Input data START
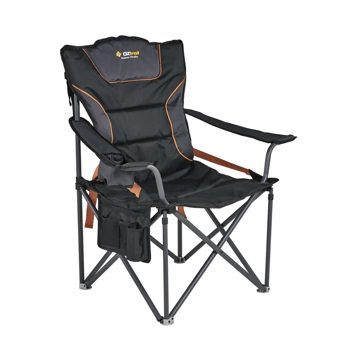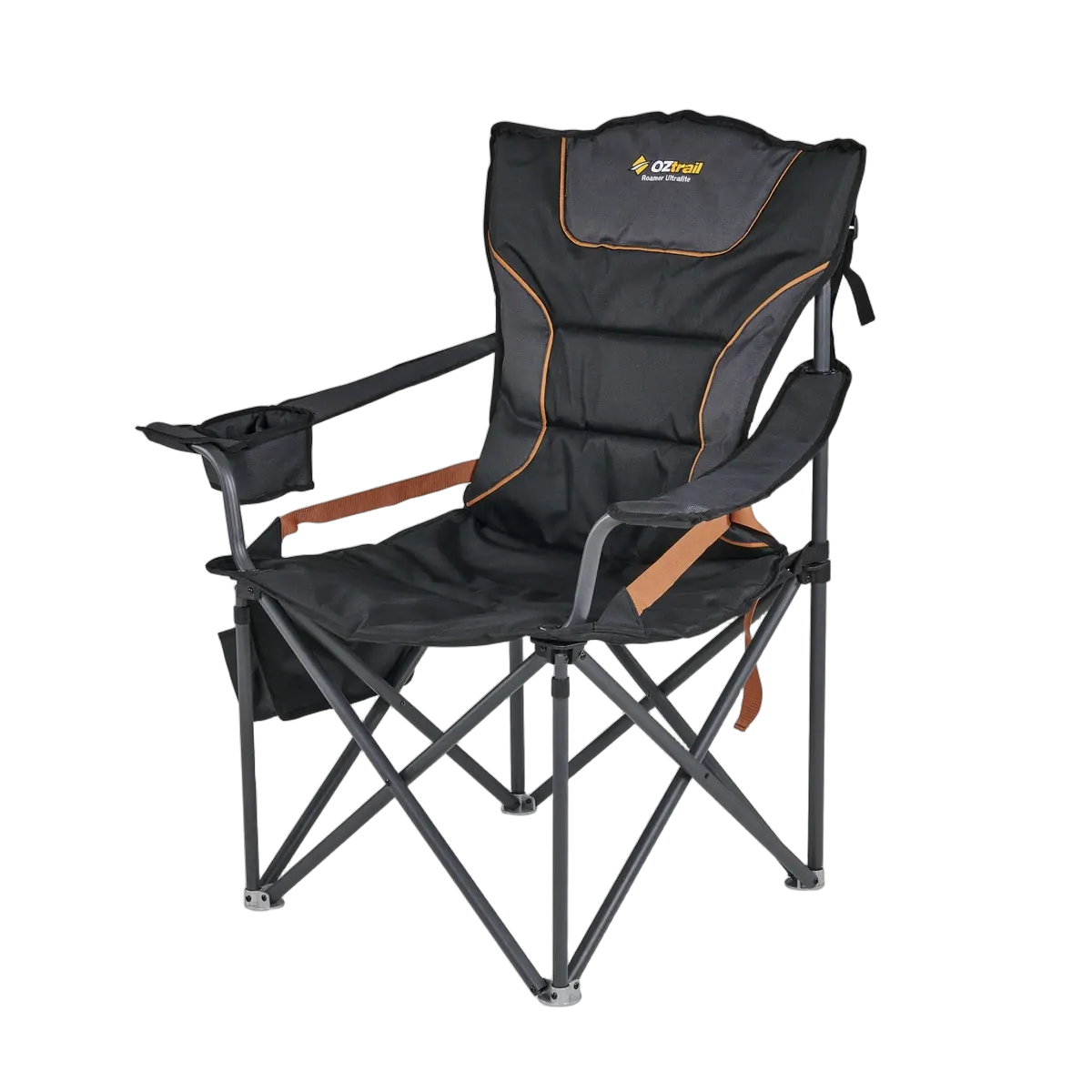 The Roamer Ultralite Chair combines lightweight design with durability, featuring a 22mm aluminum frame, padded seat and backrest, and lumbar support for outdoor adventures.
Input data END
Input data START
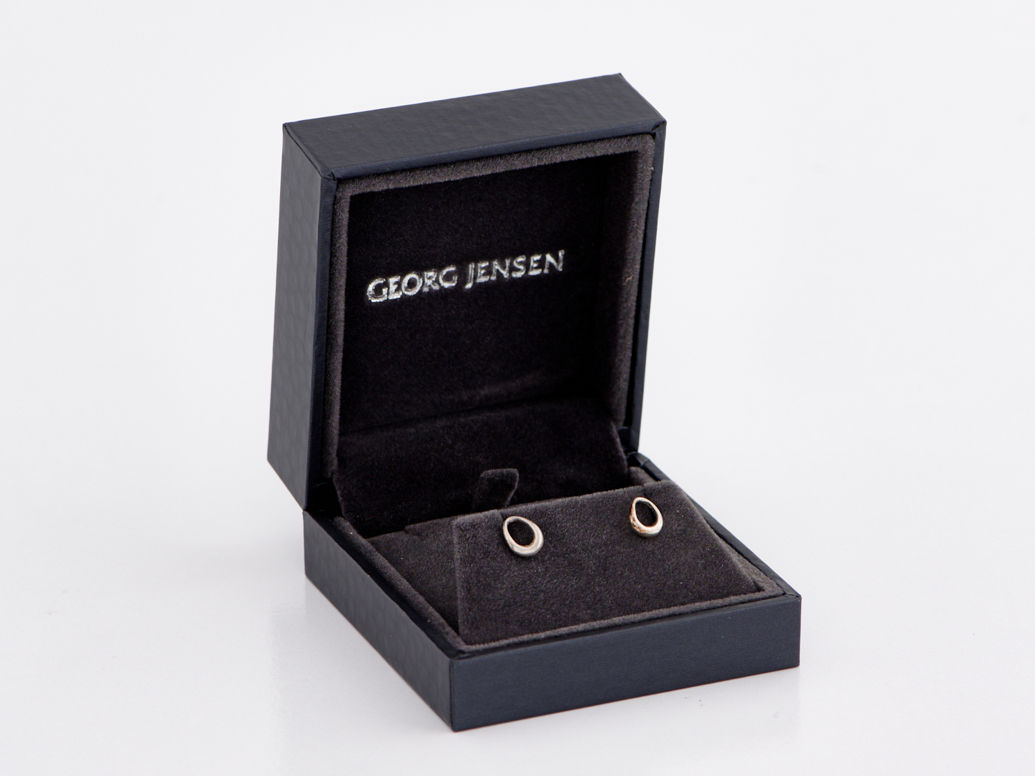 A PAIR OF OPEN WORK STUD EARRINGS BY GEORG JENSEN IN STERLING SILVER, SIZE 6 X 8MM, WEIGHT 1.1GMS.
Input data END
Input data START
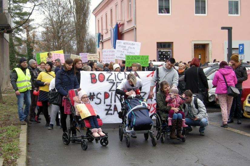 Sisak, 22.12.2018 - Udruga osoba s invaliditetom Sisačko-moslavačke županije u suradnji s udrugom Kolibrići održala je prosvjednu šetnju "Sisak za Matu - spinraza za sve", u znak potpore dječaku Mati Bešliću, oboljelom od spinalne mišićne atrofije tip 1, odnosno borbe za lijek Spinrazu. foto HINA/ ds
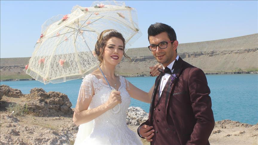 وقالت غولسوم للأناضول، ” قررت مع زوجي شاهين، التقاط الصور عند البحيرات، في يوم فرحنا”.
Input data END
Repeat, word for word, the lines of the material above from the one holding "Sisak, 22.12.2018 - Udruga" through the one holding "وقالت غولسوم للأناضول،". Leave out pictures.

 Sisak, 22.12.2018 - Udruga osoba s invaliditetom Sisačko-moslavačke županije u suradnji s udrugom Kolibrići održala je prosvjednu šetnju "Sisak za Matu - spinraza za sve", u znak potpore dječaku Mati Bešliću, oboljelom od spinalne mišićne atrofije tip 1, odnosno borbe za lijek Spinrazu. foto HINA/ ds
 وقالت غولسوم للأناضول، ” قررت مع زوجي شاهين، التقاط الصور عند البحيرات، في يوم فرحنا”.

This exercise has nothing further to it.